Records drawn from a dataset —
- Opening Delimiter -
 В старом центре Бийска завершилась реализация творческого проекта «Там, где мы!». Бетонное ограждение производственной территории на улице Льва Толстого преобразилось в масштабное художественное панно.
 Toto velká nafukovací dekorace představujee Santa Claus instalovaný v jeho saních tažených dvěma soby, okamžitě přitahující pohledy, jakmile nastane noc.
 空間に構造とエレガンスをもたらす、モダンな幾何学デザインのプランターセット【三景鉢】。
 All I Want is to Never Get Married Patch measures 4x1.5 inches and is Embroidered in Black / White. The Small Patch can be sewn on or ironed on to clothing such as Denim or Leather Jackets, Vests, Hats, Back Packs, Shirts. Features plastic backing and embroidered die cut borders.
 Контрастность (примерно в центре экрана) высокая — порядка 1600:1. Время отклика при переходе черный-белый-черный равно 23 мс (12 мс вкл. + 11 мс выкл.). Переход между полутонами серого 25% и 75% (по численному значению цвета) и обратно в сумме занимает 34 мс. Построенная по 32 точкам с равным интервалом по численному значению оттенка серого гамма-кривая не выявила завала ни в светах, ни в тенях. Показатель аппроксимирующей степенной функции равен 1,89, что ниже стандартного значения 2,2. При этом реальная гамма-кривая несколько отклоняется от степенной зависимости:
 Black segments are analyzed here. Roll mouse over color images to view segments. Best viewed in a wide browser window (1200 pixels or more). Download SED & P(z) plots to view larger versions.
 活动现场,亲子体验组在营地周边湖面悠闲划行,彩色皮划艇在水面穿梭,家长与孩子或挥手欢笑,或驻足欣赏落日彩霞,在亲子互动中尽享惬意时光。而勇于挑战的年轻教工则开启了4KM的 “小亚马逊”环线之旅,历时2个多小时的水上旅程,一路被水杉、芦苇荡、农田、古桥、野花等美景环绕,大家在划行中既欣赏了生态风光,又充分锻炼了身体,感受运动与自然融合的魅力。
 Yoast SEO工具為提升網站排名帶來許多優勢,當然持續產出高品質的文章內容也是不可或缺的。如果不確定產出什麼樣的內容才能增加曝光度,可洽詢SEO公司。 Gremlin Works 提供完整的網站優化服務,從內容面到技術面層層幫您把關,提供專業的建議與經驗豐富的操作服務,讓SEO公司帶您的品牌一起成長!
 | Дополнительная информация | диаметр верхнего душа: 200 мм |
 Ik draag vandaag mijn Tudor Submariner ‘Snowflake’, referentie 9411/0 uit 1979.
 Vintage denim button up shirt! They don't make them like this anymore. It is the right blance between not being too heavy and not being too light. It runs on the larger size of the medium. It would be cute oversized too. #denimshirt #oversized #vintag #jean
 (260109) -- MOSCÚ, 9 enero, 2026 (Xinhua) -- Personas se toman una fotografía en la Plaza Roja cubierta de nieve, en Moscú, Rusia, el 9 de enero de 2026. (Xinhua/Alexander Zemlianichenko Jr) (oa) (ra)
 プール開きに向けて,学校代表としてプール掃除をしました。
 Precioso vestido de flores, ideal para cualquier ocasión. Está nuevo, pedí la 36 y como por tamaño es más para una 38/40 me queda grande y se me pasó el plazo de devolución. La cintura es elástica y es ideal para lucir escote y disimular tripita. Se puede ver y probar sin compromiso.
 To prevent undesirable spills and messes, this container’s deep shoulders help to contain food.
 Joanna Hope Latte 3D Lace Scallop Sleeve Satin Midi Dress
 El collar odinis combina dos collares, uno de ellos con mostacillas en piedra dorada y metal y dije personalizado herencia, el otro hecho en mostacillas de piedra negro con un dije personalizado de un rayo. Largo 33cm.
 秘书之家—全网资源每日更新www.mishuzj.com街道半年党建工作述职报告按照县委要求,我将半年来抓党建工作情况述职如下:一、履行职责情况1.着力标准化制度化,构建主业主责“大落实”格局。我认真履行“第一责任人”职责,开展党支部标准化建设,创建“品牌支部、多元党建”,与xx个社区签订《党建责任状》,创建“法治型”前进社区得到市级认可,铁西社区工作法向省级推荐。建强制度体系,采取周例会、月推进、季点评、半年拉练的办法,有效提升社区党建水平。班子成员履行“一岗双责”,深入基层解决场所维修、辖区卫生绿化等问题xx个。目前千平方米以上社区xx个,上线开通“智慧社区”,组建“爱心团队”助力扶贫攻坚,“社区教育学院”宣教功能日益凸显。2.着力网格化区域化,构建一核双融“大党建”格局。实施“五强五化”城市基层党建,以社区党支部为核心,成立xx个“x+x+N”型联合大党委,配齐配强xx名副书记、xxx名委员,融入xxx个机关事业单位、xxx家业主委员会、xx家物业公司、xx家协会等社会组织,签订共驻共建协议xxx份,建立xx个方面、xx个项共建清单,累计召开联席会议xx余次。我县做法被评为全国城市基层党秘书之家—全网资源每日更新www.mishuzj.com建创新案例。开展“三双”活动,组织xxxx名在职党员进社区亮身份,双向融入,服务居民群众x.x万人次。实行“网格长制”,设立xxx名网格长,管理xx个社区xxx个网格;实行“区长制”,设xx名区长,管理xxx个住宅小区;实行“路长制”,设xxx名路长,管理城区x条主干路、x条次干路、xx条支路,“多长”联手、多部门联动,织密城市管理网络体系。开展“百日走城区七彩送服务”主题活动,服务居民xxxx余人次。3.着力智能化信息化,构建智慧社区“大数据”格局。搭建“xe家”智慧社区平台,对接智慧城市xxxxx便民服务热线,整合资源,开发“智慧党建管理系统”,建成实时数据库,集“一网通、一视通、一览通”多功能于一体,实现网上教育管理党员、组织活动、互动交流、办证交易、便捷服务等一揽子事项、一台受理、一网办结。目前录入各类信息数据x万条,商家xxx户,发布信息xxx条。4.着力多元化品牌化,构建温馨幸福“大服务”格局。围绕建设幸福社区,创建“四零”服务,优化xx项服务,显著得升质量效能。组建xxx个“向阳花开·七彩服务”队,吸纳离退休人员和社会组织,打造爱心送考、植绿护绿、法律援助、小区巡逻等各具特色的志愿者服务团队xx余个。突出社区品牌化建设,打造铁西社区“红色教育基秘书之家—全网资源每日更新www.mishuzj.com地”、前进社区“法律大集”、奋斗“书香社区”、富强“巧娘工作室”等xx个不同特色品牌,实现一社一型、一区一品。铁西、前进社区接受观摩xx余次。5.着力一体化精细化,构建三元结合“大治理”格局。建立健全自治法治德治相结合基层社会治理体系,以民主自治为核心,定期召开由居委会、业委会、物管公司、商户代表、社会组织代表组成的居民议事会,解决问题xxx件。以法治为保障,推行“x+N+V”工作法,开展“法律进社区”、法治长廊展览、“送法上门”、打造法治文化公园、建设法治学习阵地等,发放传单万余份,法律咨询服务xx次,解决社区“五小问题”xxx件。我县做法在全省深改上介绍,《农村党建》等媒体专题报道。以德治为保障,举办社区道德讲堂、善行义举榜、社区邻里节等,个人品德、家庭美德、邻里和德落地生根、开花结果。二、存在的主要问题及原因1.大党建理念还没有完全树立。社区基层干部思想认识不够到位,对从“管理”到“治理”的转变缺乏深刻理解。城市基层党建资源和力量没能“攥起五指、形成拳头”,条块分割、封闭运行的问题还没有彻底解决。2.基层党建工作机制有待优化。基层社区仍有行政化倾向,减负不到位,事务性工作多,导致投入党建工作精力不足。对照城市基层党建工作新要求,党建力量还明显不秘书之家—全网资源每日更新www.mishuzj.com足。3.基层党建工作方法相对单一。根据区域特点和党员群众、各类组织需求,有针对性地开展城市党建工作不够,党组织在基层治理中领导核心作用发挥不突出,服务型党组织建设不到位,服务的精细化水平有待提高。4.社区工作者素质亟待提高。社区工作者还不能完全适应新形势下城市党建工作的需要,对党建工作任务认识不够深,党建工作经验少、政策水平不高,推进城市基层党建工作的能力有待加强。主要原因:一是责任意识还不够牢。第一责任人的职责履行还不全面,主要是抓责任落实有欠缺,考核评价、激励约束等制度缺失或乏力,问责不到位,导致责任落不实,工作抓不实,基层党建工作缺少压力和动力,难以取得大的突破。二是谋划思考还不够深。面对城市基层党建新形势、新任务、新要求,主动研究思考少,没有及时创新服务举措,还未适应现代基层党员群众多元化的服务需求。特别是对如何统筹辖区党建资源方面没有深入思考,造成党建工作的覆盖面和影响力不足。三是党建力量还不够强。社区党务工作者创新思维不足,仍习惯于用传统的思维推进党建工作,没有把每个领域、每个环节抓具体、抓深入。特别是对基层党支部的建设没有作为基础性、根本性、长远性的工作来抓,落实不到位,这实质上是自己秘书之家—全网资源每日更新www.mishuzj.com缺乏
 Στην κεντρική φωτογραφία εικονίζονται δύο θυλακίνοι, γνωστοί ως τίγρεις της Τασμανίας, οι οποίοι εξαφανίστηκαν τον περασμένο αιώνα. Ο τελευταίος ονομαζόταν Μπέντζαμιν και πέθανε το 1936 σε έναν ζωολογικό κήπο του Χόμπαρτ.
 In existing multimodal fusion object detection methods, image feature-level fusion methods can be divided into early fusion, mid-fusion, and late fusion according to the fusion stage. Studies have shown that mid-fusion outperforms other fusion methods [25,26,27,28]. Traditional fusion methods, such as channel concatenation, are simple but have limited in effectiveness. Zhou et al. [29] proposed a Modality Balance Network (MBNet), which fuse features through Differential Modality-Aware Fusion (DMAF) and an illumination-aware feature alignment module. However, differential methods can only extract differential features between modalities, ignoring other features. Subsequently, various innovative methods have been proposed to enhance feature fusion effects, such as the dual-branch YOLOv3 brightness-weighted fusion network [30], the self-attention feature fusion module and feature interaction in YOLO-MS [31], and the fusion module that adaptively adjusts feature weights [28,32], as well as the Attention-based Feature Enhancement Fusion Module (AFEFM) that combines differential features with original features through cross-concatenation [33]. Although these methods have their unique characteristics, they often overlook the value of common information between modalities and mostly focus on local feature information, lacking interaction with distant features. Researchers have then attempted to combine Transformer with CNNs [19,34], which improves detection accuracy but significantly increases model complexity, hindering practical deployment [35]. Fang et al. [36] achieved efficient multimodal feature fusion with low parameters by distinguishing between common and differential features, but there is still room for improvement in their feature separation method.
- Closing Delimiter -
Task to carry out — Please reply with an exact copy of the lines above, starting at the first and ending at the line that holds "Black segments are".

Solution —
 В старом центре Бийска завершилась реализация творческого проекта «Там, где мы!». Бетонное ограждение производственной территории на улице Льва Толстого преобразилось в масштабное художественное панно.
 Toto velká nafukovací dekorace představujee Santa Claus instalovaný v jeho saních tažených dvěma soby, okamžitě přitahující pohledy, jakmile nastane noc.
 空間に構造とエレガンスをもたらす、モダンな幾何学デザインのプランターセット【三景鉢】。
 All I Want is to Never Get Married Patch measures 4x1.5 inches and is Embroidered in Black / White. The Small Patch can be sewn on or ironed on to clothing such as Denim or Leather Jackets, Vests, Hats, Back Packs, Shirts. Features plastic backing and embroidered die cut borders.
 Контрастность (примерно в центре экрана) высокая — порядка 1600:1. Время отклика при переходе черный-белый-черный равно 23 мс (12 мс вкл. + 11 мс выкл.). Переход между полутонами серого 25% и 75% (по численному значению цвета) и обратно в сумме занимает 34 мс. Построенная по 32 точкам с равным интервалом по численному значению оттенка серого гамма-кривая не выявила завала ни в светах, ни в тенях. Показатель аппроксимирующей степенной функции равен 1,89, что ниже стандартного значения 2,2. При этом реальная гамма-кривая несколько отклоняется от степенной зависимости:
 Black segments are analyzed here. Roll mouse over color images to view segments. Best viewed in a wide browser window (1200 pixels or more). Download SED & P(z) plots to view larger versions.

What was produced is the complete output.